Dropdowns—when a parent company drops down assets into its master limited partnership—may not be new, but they are quickly changing the energy infrastructure landscape. If a parent company has a surfeit of projects to finance—or perhaps just has assets whose values are not fully recognized—then moving the assets into the MLP may be just the answer to provide additional growth capital at more favorable terms or gain enhanced recognition of asset values from the Street.

Certainly, there has been no shortage of drop-downs in the news. Leading the charge this summer was Spectra Energy Corp., which announced plans for a dropdown of its remaining US transmission, storage and liquids assets by year-end. On the same day, Enbridge Energy Partners LP unveiled plans for an initial public offering (IPO) of Midcoast Energy Partners LP, a new MLP into which it would drop down all its natural gas and natural gas liquids (NGL) midstream business over four to five years. At its IPO expected to raise $400- to $500 million the MLP would hold an approximate 40% interest in the parent's midstream business.

Other dropdown activity has picked up pace as well. Later in the summer, the first drop-down of assets by EQT Corp. took place with the midstream MLP it formed via an IPO a year earlier, EQT Midstream Partners LP (NYSE: EQM). The transaction, valued at $680 million, involved dropping down the parent's Sunrise Pipeline LLC subsidiary. Further periodic drop-downs are anticipated to fund EQT Corp.'s growing capital program in the Marcellus.

In addition, Devon Energy Corp. plans to form a publicly traded midstream MLP. And Anadarko Petroleum Corp. is continuing its history of successful dropdowns to its midstream subsidiary, Western Gas Partners LP.

Ideal structures

How important can dropdowns be?

Spectra Energy Corp. outlined preliminary plans for a new, substantially larger set of assets to be dropped down to its MLP, Spectra Energy Partners (NYSE: SEP), in June of this year. Between then and the release of updated plans for the dropdown, to coincide with quarterly earnings due out in early August, the latter's stock climbed by 18.2%. This compares with a rise of just over 1% for the Alerian MLP Index.

Coupled with smaller drop-down moves previously, Spectra estimates it has created for investors $6 billion of appreciation from the gains the parent's share price and the MLP's unit price since third-quarter 2012, said Spectra Energy Corp. president and chief executive officer Greg Ebel as he provided more detailed information on Spectra's strategy on the quarterly conference call.

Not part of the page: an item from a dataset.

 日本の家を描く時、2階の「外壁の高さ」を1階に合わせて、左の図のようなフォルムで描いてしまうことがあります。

Spectra's initial plans in June involved dropping down all its remaining US transmission and storage assets. Those plans were subsequently updated to include an accelerated drop-down of the other half of Spectra's Express-Platte pipeline, as well as its one-third interests in the Sand Hills and Southern Hills NGL pipelines. This will result in virtually all of Spectra's US assets, apart from its interest in DCP Midstream, being dropped down to its MLP by year-end.

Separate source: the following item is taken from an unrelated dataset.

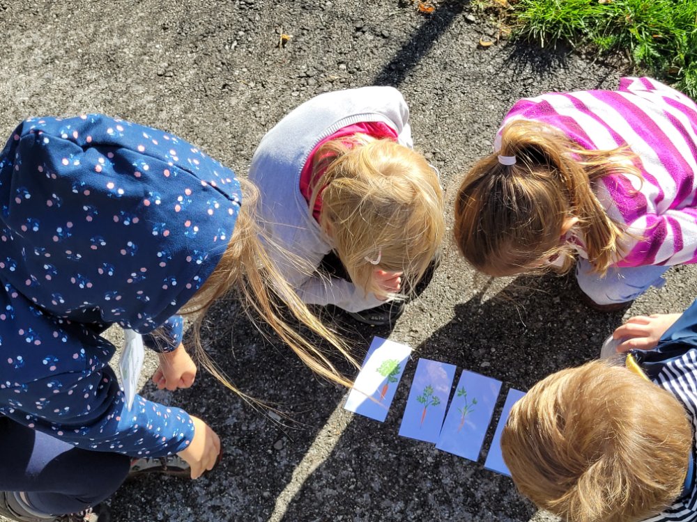 Dehors, par groupe de 2, les élèves vont choisir 1 légume. Une fois choisi, nous les aidons à le récolter. Sur la terrasse, par un jeu à l’aide d’images, les enfants vont découvrir de quelle famille appartient le légume qu’ils ont choisi.

The Spectra dropdown is noteworthy for its transaction size, which Wells Fargo senior analyst Michael Blum values at about $11 billion. Consideration received by the parent in exchange for the assets in the dropdown is valued as follows: 172 million newly issued SEP limited partnership (LP) units ($6.2 billion); 3.5 million newly issued general partner (GP) units ($0.1 billion); and cash ($2.2 billion). In addition, SEP will assume third-party debt associated with the dropdown assets ($2.5 billion).

In terms of acquisition metrics, the dropdown transaction is being done at a multiple of 9.3 times the estimated 2014 EBITDA (earnings before interest, taxes, depreciation and amortization) for the assets in the transaction, according to Spectra, based on a 10-day volume-weighted average unit price of $36.12. This was toward the high end of management's prior guidance of a multiple range of 8.5 to 9.5 times EBITDA.

Blum, based in New York, says the Spectra and other MLP-related transactions highlight a growing acceptance of MLPs as the “ideal structure to maximize value of midstream assets,” as well as managements' attempt to take advantage of MLPs' “cost of capital advantage” to grow their businesses. For its part, Spectra's business plan is one of “strategically employing our MLP to efficiently fund our US growth,” says Ebel.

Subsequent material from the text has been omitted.